Personal jurisdiction over a out-of-state football team not proved and therefore no jurisdiction in California
- Posted By: Harvey Brown
- December 1, 2022
This is a Board Panel decision
This is a very significant case for workers’ compensation principles.
The applicant was a football player. He claimed injury to his head, neck, shoulder, elbows, bilateral wrists. hands, hips, knees, feet, TMJ, neuro, internal, psyche and sleep while employed by the Cleveland Browns.
The Browns employed the applicant for several weeks before releasing him and paying for his travel back to California.

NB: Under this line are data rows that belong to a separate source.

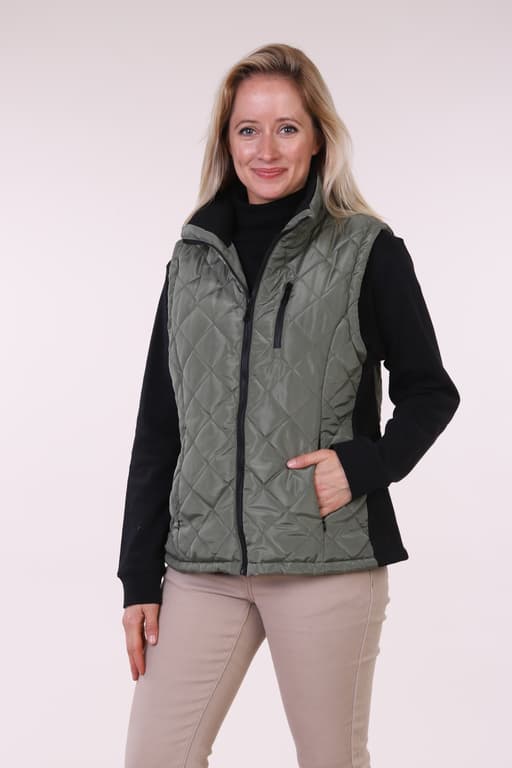 WOMEN'S 100% WATER RESISTANT QUILTED POLYESTER ZIPPER FRONT VEST WITH POLY FILLED POLY LINING AND RIB KNIT UNDER ARM SIDE TRIM IN CONTRAST COLOR. COLORS AVAILABLE: BLACK W/BLACK TRIM AND BURGUNDY W/BLACK TRIM. SIZE RUN M-2XL. MACHINE WASH/DRY. IMPORTED.Specifications
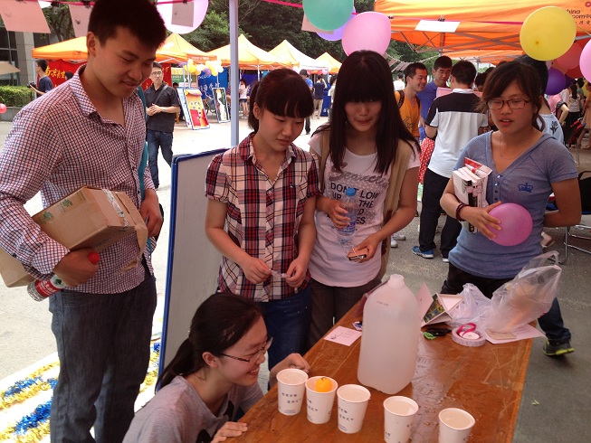 还为这次活动准备了有趣的小游戏,吸引了许多同学驻足参与。只见同学们一个个都专心致志地盯着眼前的乒乓球用力呼出一口气,乒乓球便轻轻地落入前面的杯子里,周围立刻响起一片叫好声。即使没有成功、杯子里的水吹的满脸,同学们也依旧兴致盎然。我们也为积极参与游戏的同学们派发了丰富的奖品。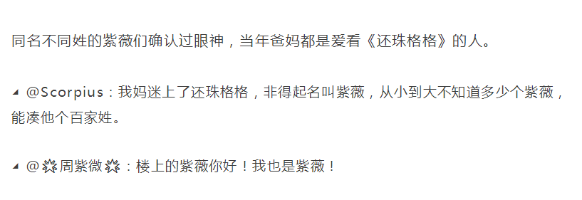 也有人嫌弃爸妈当年起名太草率(cursory)了……比如一对双胞胎姑娘的名字分别是赵婉(One)、和赵兔(Two)。你们感受一下。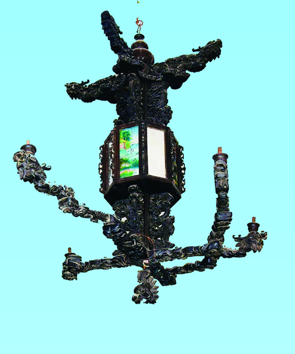 九龙灯 这件宝物被称为“东方奇观”,乔家现保存有两盏。据专家介绍,迄今为止,在我国还没有发现第三盏。九龙灯用珍贵的乌木雕刻而成,灯高91公分、重7.9公斤。上面雕有九条龙,故称“九龙灯”。九条龙分上下两层排列,上层四条,下层四条,灯身下方是第九条龙。下层四条龙的龙身可以来回旋转弯曲,中间有轴,弯曲后可以组成一个“卍”字形,“卍”字顶端是龙头,龙头上装有蜡签可以点蜡烛。灯身呈八棱形,共有八个平面,其中四个面装的是水银镜,另四个面装的是风光玻璃镜,蜡烛一旦点燃,通过水银镜的反射,四支蜡烛就变成了八支,显得整个屋子特别亮堂。灯的顶端是葫芦造型,葫芦嘴上置有铜钩,可以悬挂。这两盏九龙灯是慈禧太后赐予乔家的宝物。1900年,八国联军攻进北京,慈禧太后带着光绪皇帝逃往西安。路经山西时经费吃紧,乔家慷慨解囊赠银三十万两,解了慈禧太后的燃眉之急。回京后,慈禧太后将九龙灯和“福种瑯嬛”匾额一起赐给乔家。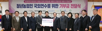 NH농협은행 세종본부와 지역농협, 세종산립조합이 세종시 청년농업인의 역량강화 지원에 발벗고 나섰다.세종시는 19일 시청에서 청년농업인 국외연수 지원을 위한 기부금 전달식을 했다고 밝혔다.이날 행사에는 최민호 시장, 홍순옥 NH농협은행 세종본부장, 8개 지역농협 조합장,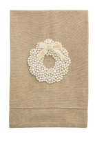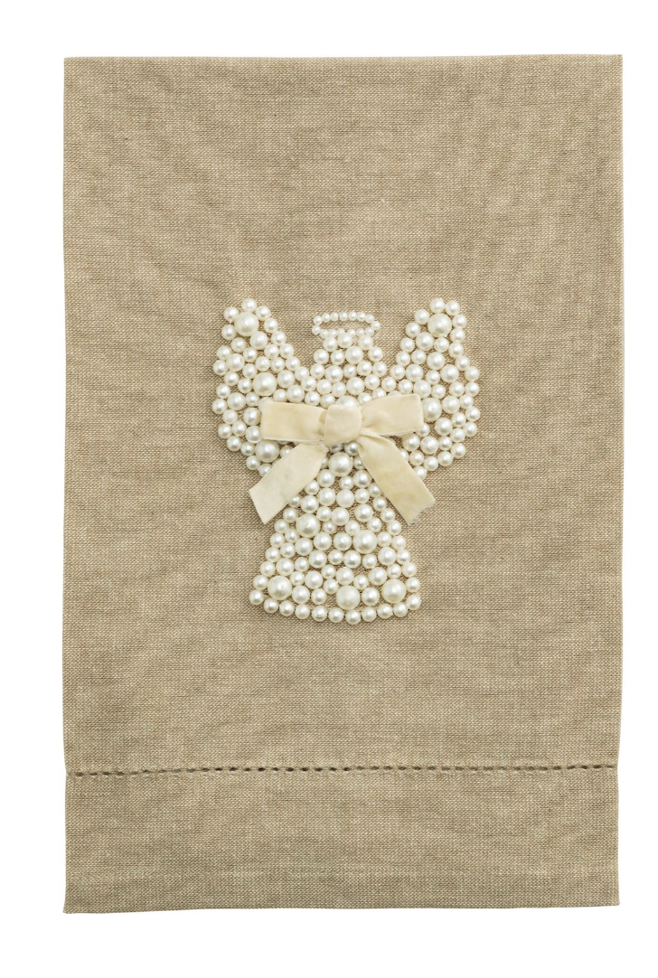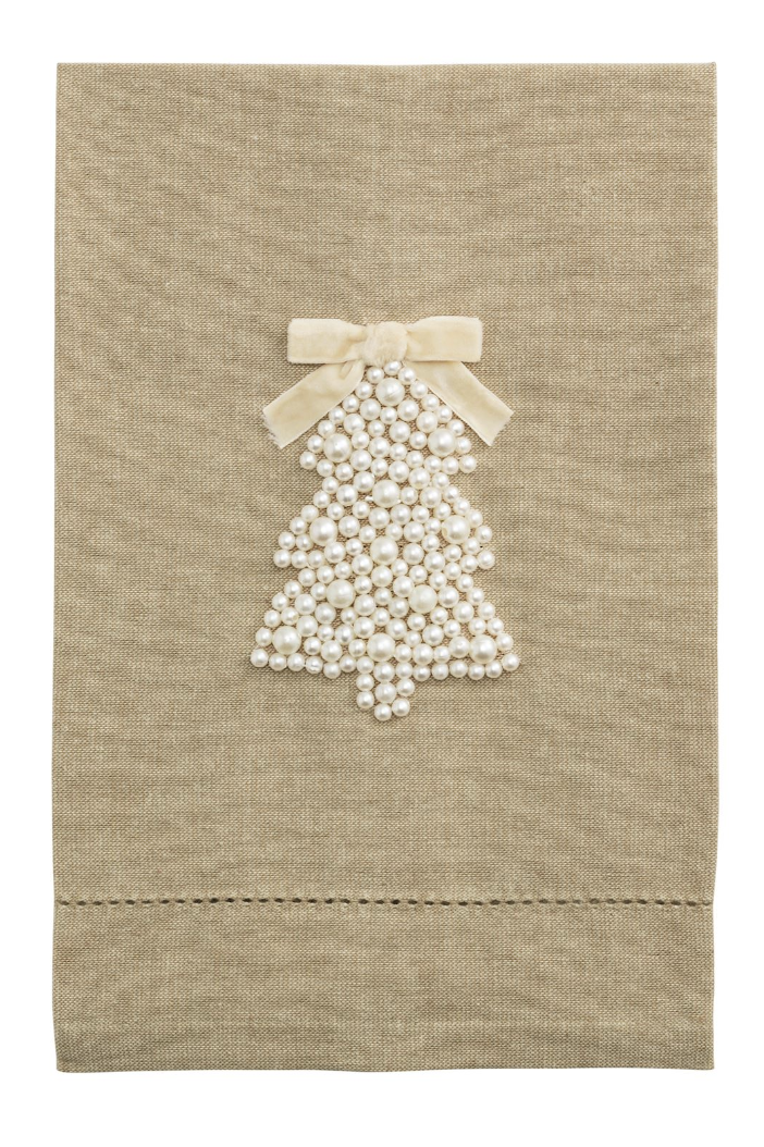 Chambray hand towel features pearl bead appliqué with velvet bow and hem stitching.

The Browns went to trial and contended there was no personal jurisdiction over them in California.
A Workers’ Compensation Judge (WCJ) ruled that there was not sufficient contacts with California to establish personal jurisdiction over the Browns and dismissed them.
A codefendant petitioned for reconsideration. The Workers’ Compensation Appeals Board (WCAB) in a Board panel decision agreed with the WCJ.
Applicant who resided in California testified that he never spoke to the Browns while in California. His agent, who was in Arizona, did not enter into a contract with the Browns while the applicant was in California. The applicant did not accept the offer of employment until he was in Ohio and had passed a physical examination. Applicant’s employment contract was not formed while he was in California. He never played a game in California.
The WCAB reviewed numerous cases and determined there was not sufficient contacts with California to confer personal jurisdiction. Therefore, the Browns were dismissed.